The FTSE 100 company said its adjusted pre-tax profit for the 12 months ended 31 December stood at £386m, up 8.4% year-on-year.
Adjusted earnings per share also increased, by 6.5% to 31p.
Its adjusted net asset value per share, however, declined 15% to 966p, primarily due to a portfolio valuation decline of 11%.
The board said that was driven by market-wide yield expansion in the second half, although it was partly offset by estimated rental value growth, portfolio asset management successes, and development profits.
Segro’s net rental income for the year was £522m, up 18.9% and driven by strong like-for-like rental growth of 6.7% and development completions.
Segro also reported strong occupier demand, with a record £98m of new headline rent commitments generated during the period.
During 2022, Segro delivered 639,200 square metres of development completions at a yield on cost of 7.4%, with 80% of it already let to customers from a range of sectors.
The company noted that it also made net capital investment of £1.3bn in asset acquisitions, development projects, and land purchases, less disposals.
Segro said its strong balance sheet provided it with the capacity to invest in its development programme, and allowed it flexibility to make further commitments.
The firm said it had access to £2.2bn of available liquidity and a modest level of gearing, reflected in a loan-to-value of 32% at year-end on 31 December.
It hiked its full-year dividend by 8.2% to 26.3p per share, as it raised its final dividend by 7.7% to 18.2p.

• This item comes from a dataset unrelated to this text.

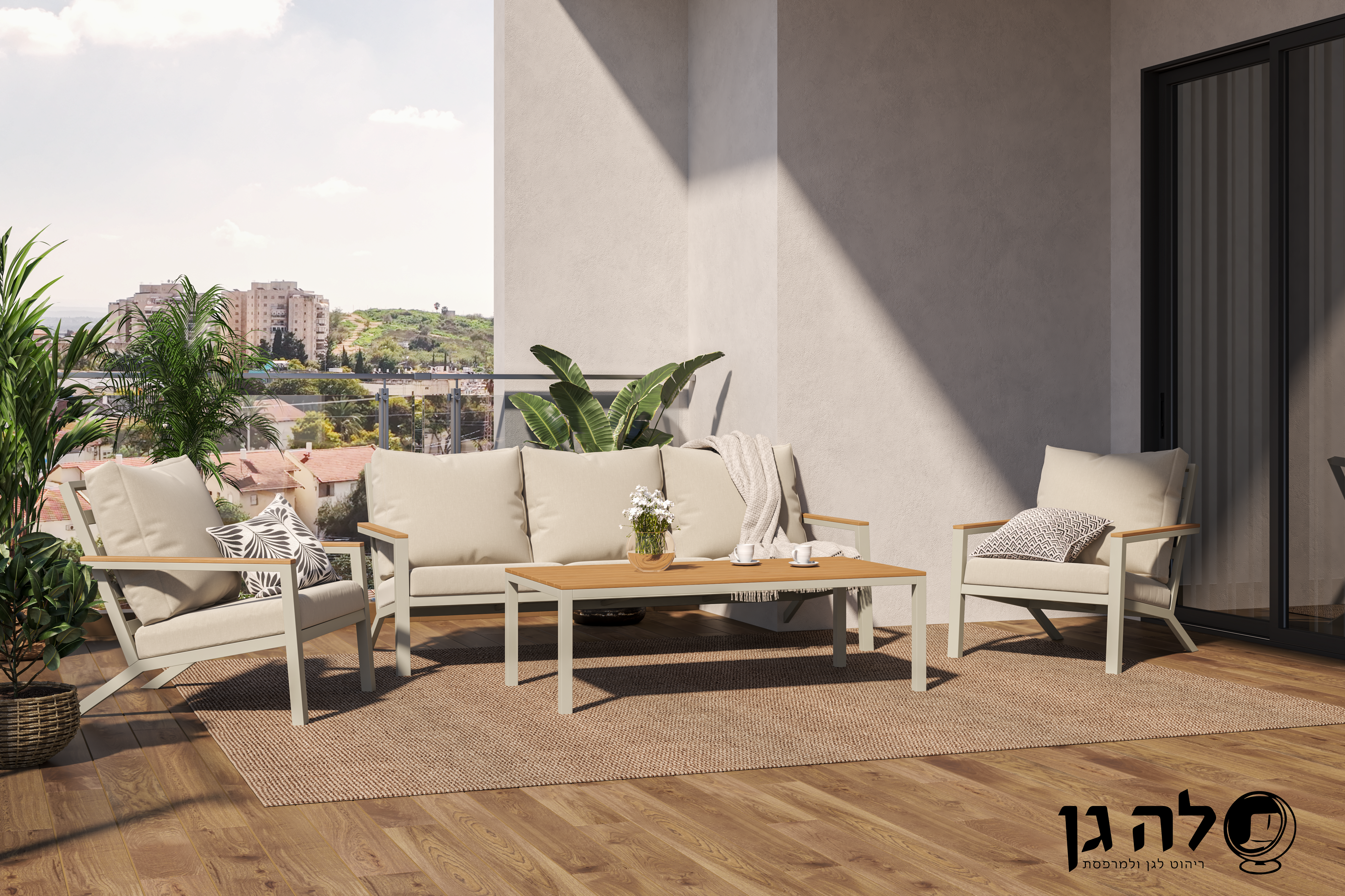 מערכת ישיבה יוקרתית ומפנקת מאלומיניום בעיצוב רטרו, אידיאלית לחצר ולפינות המתנה

“Segro is today reporting strong operational results for 2022, including a record level of rent roll growth driven by our active asset management and a strong leasing performance,” said chief executive officer David Sleath.
“Our modern, well-located and highly sustainable warehouses continue to be in high demand from a diverse range of occupiers, underpinned by long-term structural drivers.
“Our strategy over the past decade has focused on cultivating a unique portfolio located in the most supply-constrained European urban and logistics markets, backed by a strong balance sheet to enable Segro to outperform through the property cycle.”
Sleath said the portfolio valuation fell in the second half, as investment yields rose and values weakened across the sector in response to macroeconomic conditions.
“However, the impact on our portfolio was mitigated by its high quality and the strong rental growth we delivered across all of our markets.
“Our prime portfolio, excellent land bank, development expertise, customer focus and balance sheet capacity mean we are well positioned to deliver attractive returns and further growth into the years ahead.”
At 0919 GMT, shares in Segro were up 2.03% at 853.2p.